Aspect ratio with large files, zoomed in still has wrong aspect ratio?

shogo wrote on 6/17/2003, 12:17 AM
Hi guy's I made a large 3600x3600 Photoshop file, put in lots of frame grabs from video clips in it but when I import it into vegas it's aspect ratio is a square even when I zoom way in. I can use they maintain aspect ratio option but it stretches my picture. I didn't realize when I made the file that because of the sqaure shaped aspect of it that even zoomed in it still would try and use that aspect ratio. Is there a way around this or is it just a redo????????????

Comments

FuTz wrote on 6/17/2003, 7:53 AM

Using the Pan/Crop tool, did you UNchecked the "stretch to fill frame" box?
In brief:
-do you put that picture on timeline?
-do you use the Pan/Crop tool and are sure to place the first key at the *beginning* of the clip on timeline?
-did you CHECK the "maintain aspect ratio" box?
-did you UNchecked the "stretch to fill frame" box?

Everything should work fine if you follow all those steps...

Oh yeah, and your preview window background color, did you just selected the gray or white background just to checkout if that is not a wrong "reading" you get with a black background that matches your picture borders?
mikkie wrote on 6/17/2003, 8:57 AM
'nother thing to try is setting the pixel aspect of your picture - right click on it in the timeline and select properties -> go to the 2nd tab.

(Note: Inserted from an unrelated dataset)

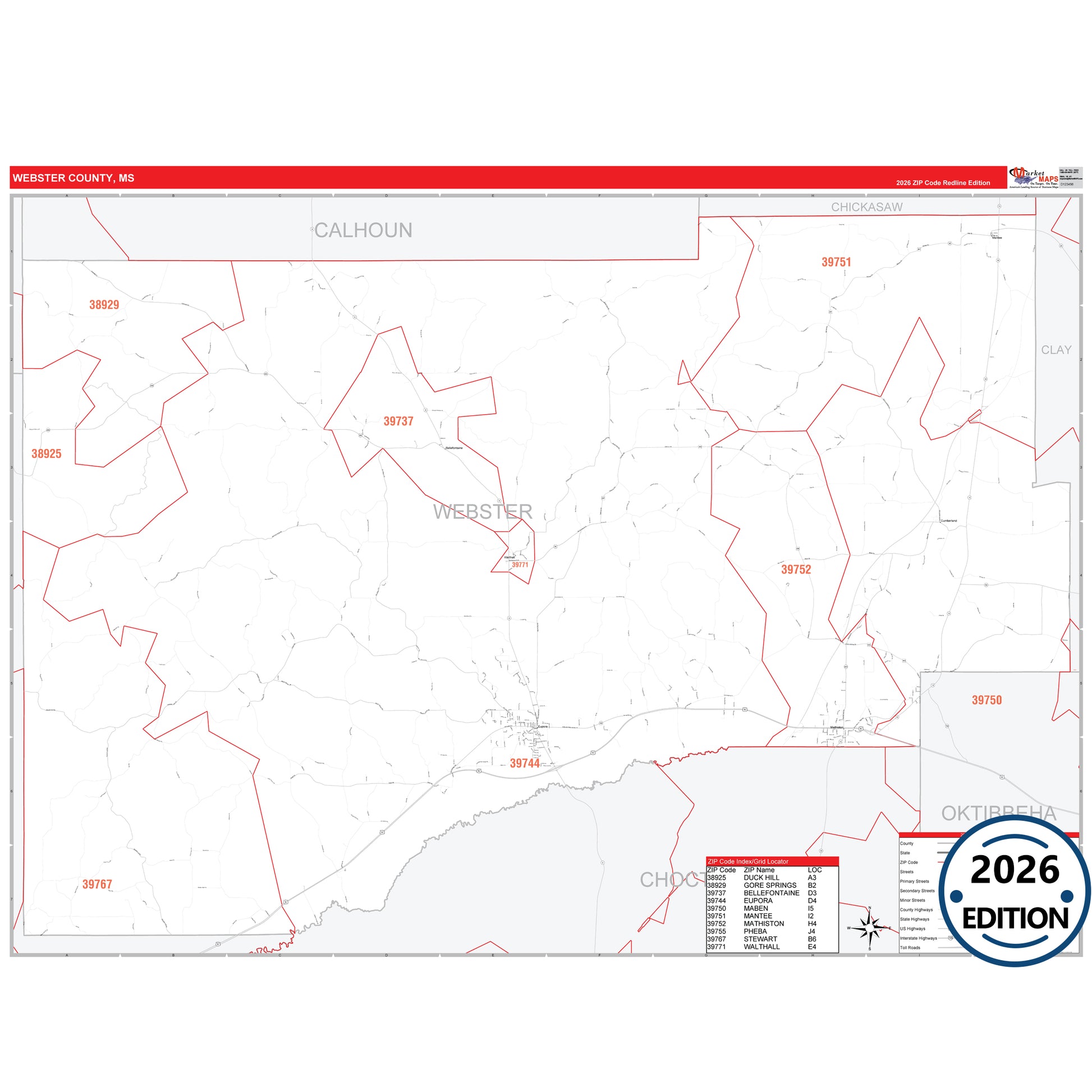 The RedLine Style map of Webster County, MS shows ZIP code areas overlaid on a detailed road network of Webster County, Mississippi. Ideal for drawing locations, territories, and other applications. Base map features include all major streets and highways labeled, cities and towns, county and state boundaries, neighborhood names, railroads, and a clean white background suitable for marking and planning.

Try setting it to match your proj ratio, which should already match your imported footage. Then do a short test render to make sure nothing is stretched.
shogo wrote on 6/17/2003, 7:30 PM
Thanks for the great responses but none of them worked, but what did was to change in the Pan/Crop presets use the 4:3 Standard TV aspect ratio and it fills all but just barley the top and bottom which is fine because I will be outputting to DVD and the action safe areas are still visable. Very cool and thanks guys for the suggestions it got me thinking.
SonyDennis wrote on 6/20/2003, 5:12 PM
right-click in image, select "Match Output Aspect".